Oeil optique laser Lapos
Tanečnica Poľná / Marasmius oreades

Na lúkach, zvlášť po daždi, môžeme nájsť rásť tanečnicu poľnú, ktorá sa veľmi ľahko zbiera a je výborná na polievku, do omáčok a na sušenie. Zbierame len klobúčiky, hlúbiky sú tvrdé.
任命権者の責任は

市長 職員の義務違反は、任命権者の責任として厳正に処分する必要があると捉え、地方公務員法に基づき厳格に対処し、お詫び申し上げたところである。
* * *
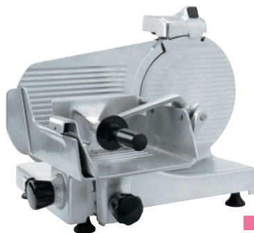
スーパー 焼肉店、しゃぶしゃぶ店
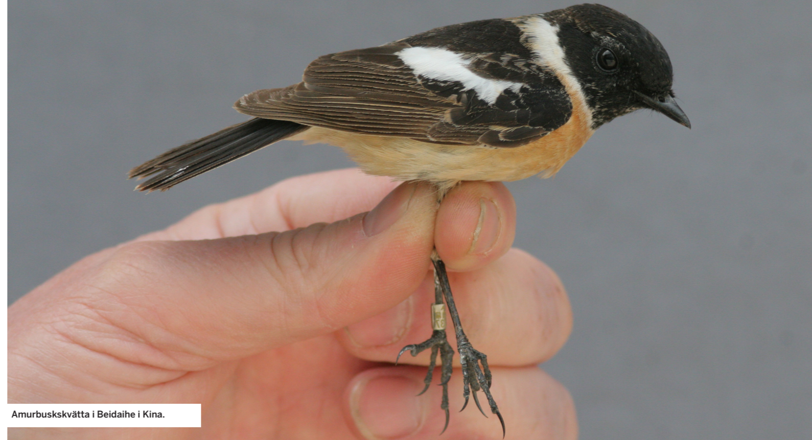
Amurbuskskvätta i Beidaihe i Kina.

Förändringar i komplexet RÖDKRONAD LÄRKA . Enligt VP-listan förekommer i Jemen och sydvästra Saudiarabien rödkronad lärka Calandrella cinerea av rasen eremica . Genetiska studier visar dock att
...
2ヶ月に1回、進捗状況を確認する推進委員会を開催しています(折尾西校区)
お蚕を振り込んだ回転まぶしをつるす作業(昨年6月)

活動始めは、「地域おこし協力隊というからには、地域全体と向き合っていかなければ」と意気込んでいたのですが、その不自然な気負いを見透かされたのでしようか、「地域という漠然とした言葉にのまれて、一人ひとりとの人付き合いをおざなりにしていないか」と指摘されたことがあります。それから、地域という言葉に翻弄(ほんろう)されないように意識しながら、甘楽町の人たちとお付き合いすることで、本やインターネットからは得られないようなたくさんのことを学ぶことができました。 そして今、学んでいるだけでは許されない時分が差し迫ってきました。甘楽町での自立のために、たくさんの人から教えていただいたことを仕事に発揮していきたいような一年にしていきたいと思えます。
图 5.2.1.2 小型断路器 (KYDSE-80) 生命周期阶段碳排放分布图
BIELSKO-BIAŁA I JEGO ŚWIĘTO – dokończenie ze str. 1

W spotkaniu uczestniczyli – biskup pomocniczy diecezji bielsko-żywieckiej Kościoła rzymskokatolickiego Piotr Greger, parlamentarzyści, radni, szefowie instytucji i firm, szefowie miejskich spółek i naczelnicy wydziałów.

● **REQUIREMENT**:
Above are some records; copy exactly the lines from the one with "图 5.2.1.2 小型断路器 (KYDSE-80) 生命周期阶段碳排放分布图" through the one with "BIELSKO-BIAŁA I JEGO", both included, and no others.

● **ANSWER TO THIS EXERCISE**:
图 5.2.1.2 小型断路器 (KYDSE-80) 生命周期阶段碳排放分布图
BIELSKO-BIAŁA I JEGO ŚWIĘTO – dokończenie ze str. 1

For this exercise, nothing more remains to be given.